Goji is a personality-driven code review feedback generator. The idea: take a set of code metrics, a persona, and a mood — and produce a short, in-character review. Seven personas (buddy, motivating senior, bored senior, chaotic boss, good boss, bad boss, granny), five moods (very positive to very critical), and seven code metrics (lines of code, complexity, nesting depth, token count, comment ratio, compression ratio, indentation depth).

The pipeline: LoRA fine-tune a small base model on synthetic {prompt, completion} pairs, merge into base weights, quantize to GGUF, run locally via llama.cpp.

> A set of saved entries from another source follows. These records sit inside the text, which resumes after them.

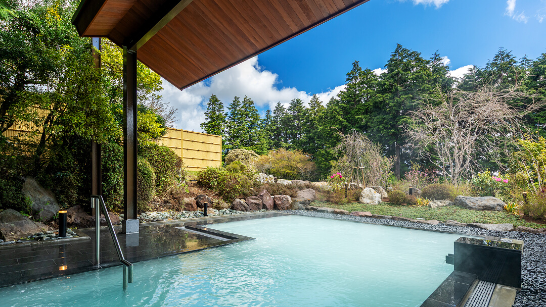 夜更けの静かな時間に浸かる露天風呂はここならではの神秘的な体験。箱根十七湯の中で最も高い位置から、満天の星を楽しめます。乳白色のにごり湯は、箱根でも希少とされ湯冷めしにくく“美肌の湯”としても評判です。露天風呂を満喫した後は心地よい夜風が火照った体を癒やしてくれる湯上り散歩へ。自然に囲まれた中庭でマイナスイオンを浴びて、心身ともにリフレッシュ。
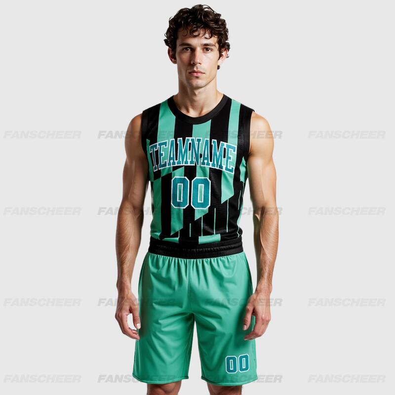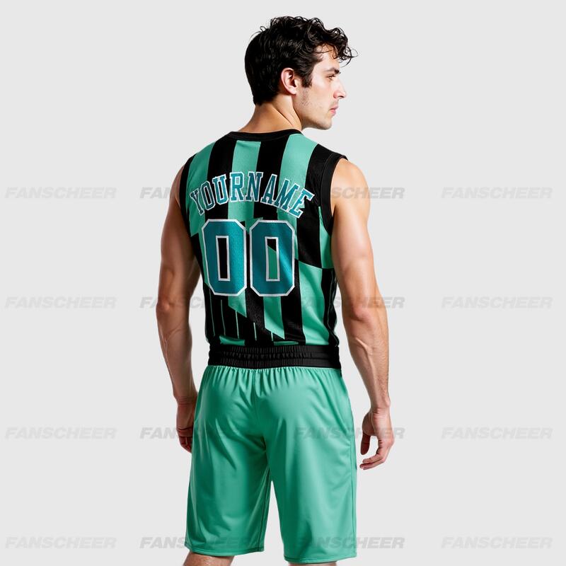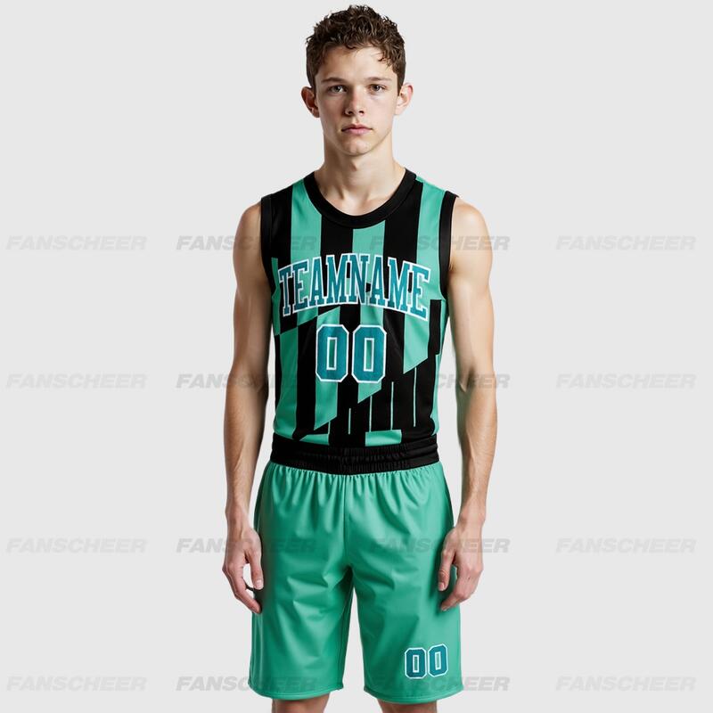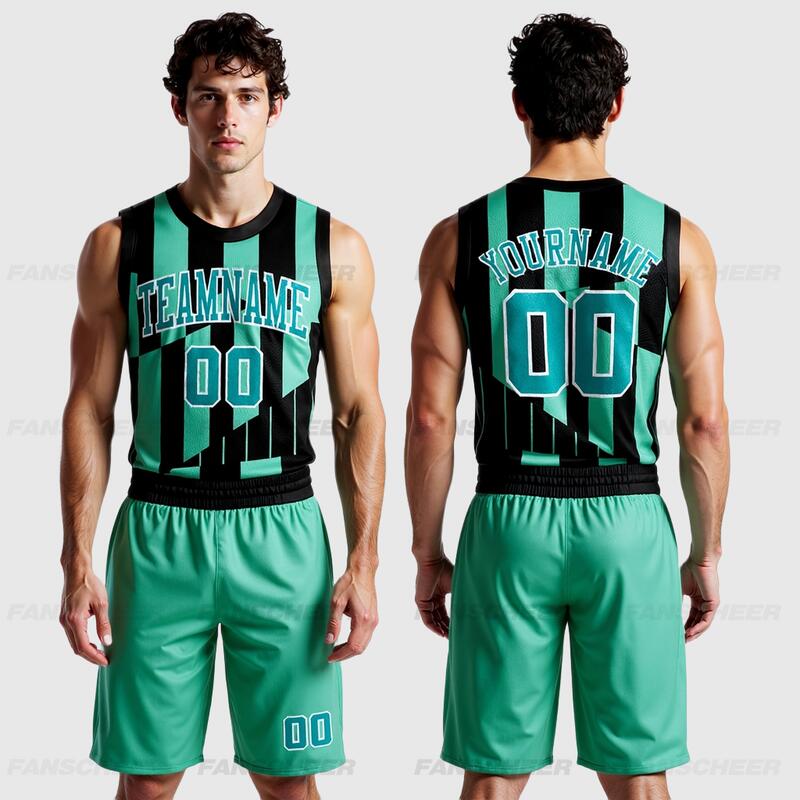 Custom Green Aqua-Black Round Neck Sublimation Basketball Suit Jersey
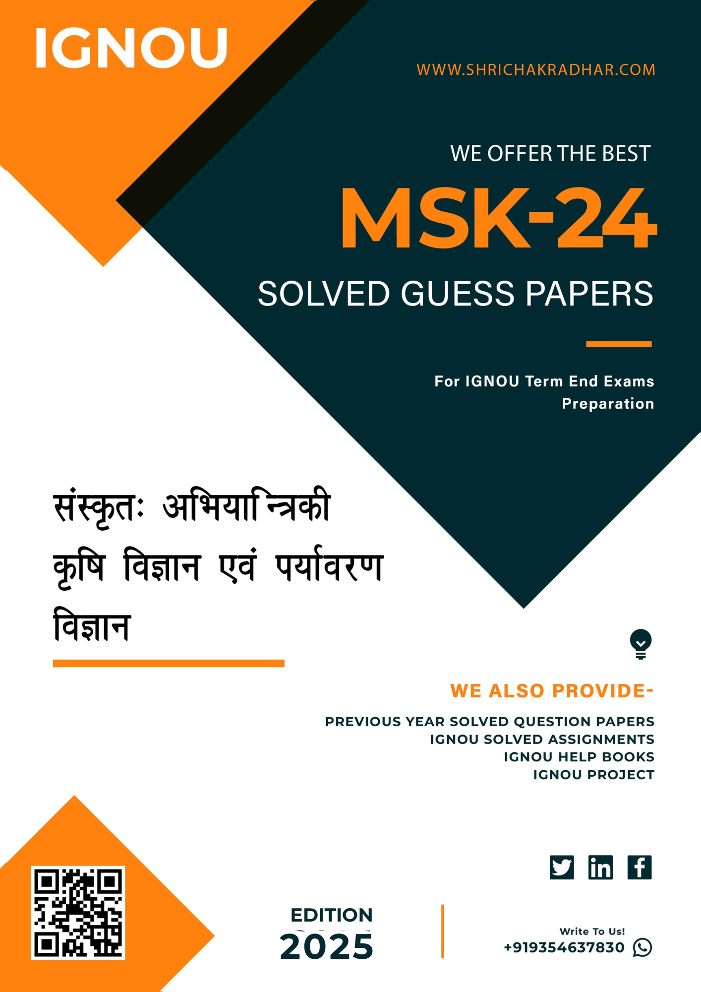 Are you looking for best quality IGNOU Solved Guess Papers Pdf Booklet & IGNOU Important Question Answers? We created IGNOU MSK 24 Solved Guess Papers with fully solved answers for your convenience. Here is the perfect IGNOU MSK 24 Important Question Answers in a descriptive way for those students who wish to pass out their upcoming IGNOU Term End Examination. These Solved Guess Papers solutions are time saving for the students because they will get each solutions of the expected questions shall be asked in the IGNOU MSK 24 question paper. Answers are well explained and language is easy for better understanding. Above all, buy this IGNOU MSK 24 Solved Guess Papers Solutions Sanskrit: Abhiyantriki Krishi Vigyan Evam Paryawaran Vigyan our Guides/Reference Book and get best help for your coming examination.

The question: how small can the base model be and still produce coherent, persona-differentiated output?

The Training Data

3,993 cleaned and balanced samples. Each sample is a compact structured prompt paired with a 1-3 sentence completion:

P:buddy M:critical S:day L:en loc=low tok=mid cx=low nest=low com=high cmp=high
Feedback: The code you've provided shows a solid amount of effort and clarity, with an
appropriate balance between complexity and readability. The structure offers some space
for future refinements while maintaining smooth coverage.

The prompt format is deliberately compressed — 36 tokens instead of the typical verbose format — because every token in a small model's 256-token context window is precious. Metrics are bucketed into low/mid/high relative to the scope's expected range rather than raw numbers, since a 14M parameter model can't meaningfully distinguish loc=45 from loc=45000. The L:en tag exists to suppress multilingual output from base models pretrained on multilingual data.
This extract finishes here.